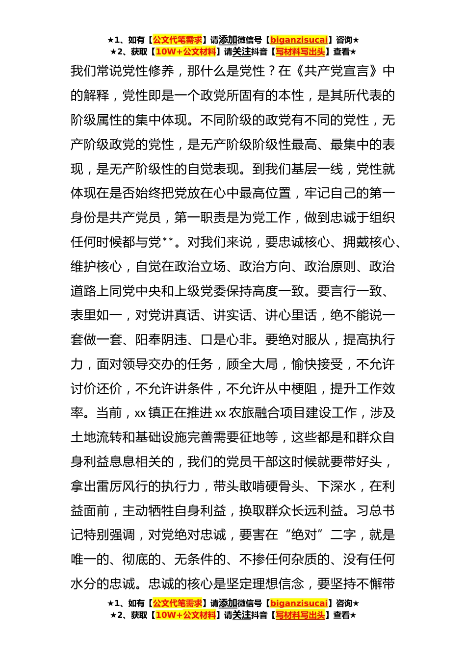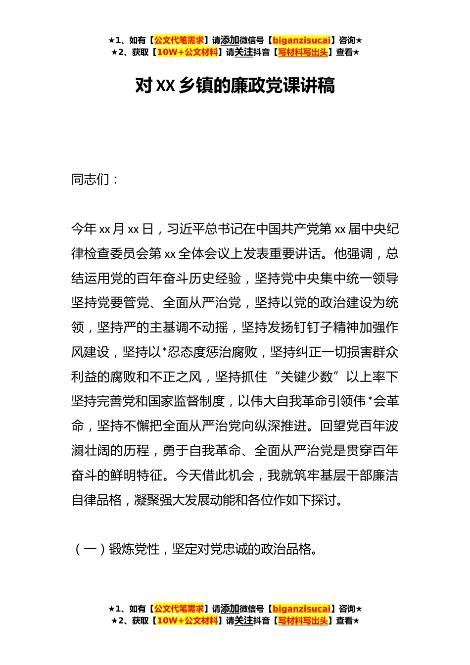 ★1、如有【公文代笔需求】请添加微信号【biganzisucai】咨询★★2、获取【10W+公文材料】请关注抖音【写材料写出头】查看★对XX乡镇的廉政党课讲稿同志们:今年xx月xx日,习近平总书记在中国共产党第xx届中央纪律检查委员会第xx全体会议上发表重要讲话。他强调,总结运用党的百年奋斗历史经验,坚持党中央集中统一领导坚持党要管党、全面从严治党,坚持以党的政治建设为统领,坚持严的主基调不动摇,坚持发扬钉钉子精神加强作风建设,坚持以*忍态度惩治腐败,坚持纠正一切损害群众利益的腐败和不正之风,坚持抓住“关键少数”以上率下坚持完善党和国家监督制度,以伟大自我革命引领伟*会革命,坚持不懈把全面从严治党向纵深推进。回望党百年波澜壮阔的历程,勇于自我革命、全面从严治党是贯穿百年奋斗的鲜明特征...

—————

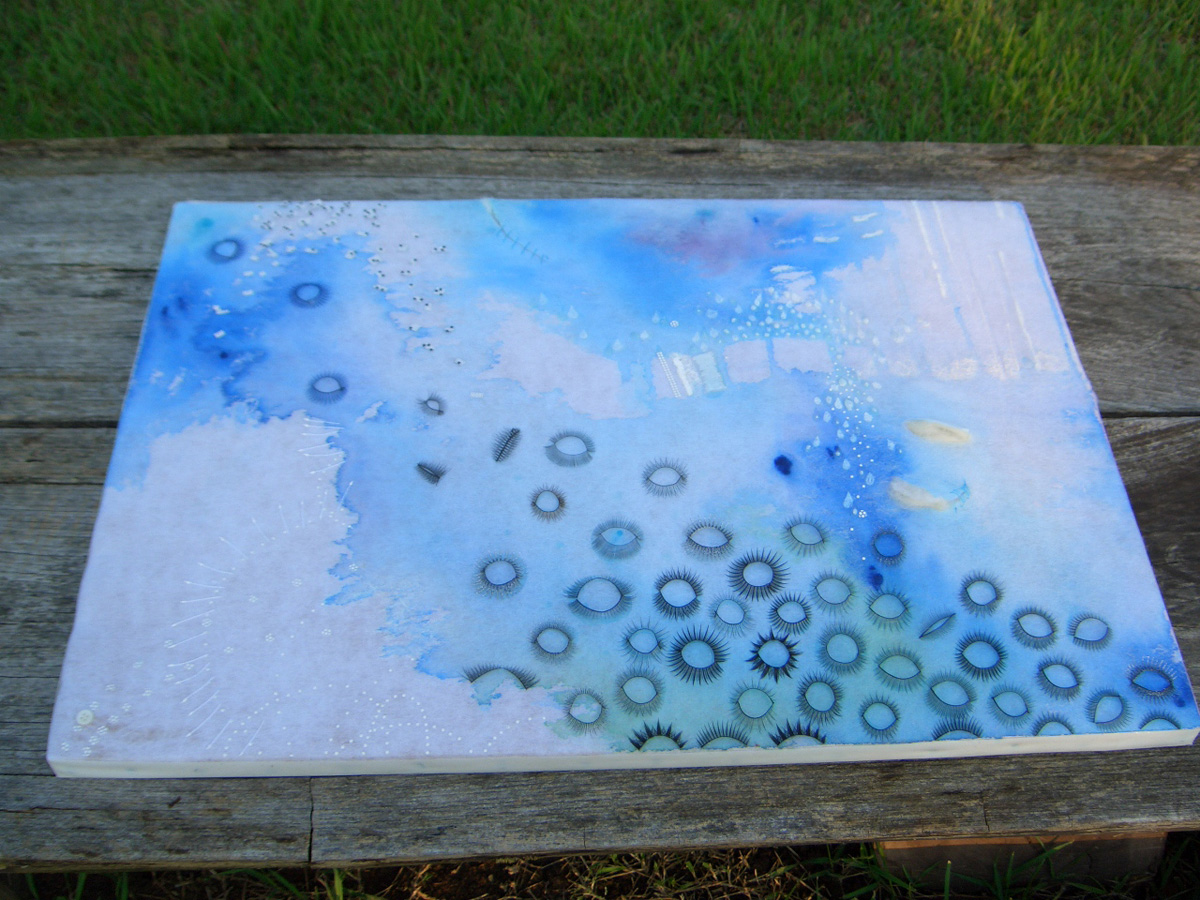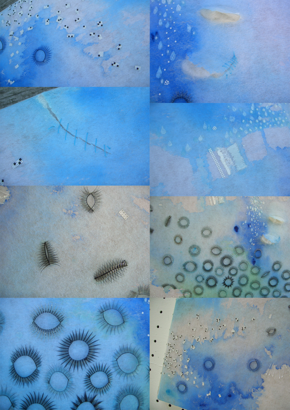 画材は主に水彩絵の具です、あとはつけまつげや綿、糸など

—————

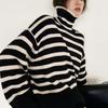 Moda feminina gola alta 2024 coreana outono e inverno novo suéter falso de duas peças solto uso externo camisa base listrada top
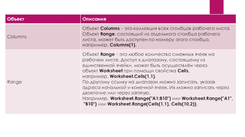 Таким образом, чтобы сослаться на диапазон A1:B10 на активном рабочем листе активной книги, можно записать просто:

—————

→ **TASK ITEM**
Transcribe, exactly and without pictures, everything in the data from the line with "Moda feminina gola" down to the line with "Таким образом, чтобы", both included.

→ **OUTPUT FOR THIS EXERCISE**
 Moda feminina gola alta 2024 coreana outono e inverno novo suéter falso de duas peças solto uso externo camisa base listrada top
 Таким образом, чтобы сослаться на диапазон A1:B10 на активном рабочем листе активной книги, можно записать просто:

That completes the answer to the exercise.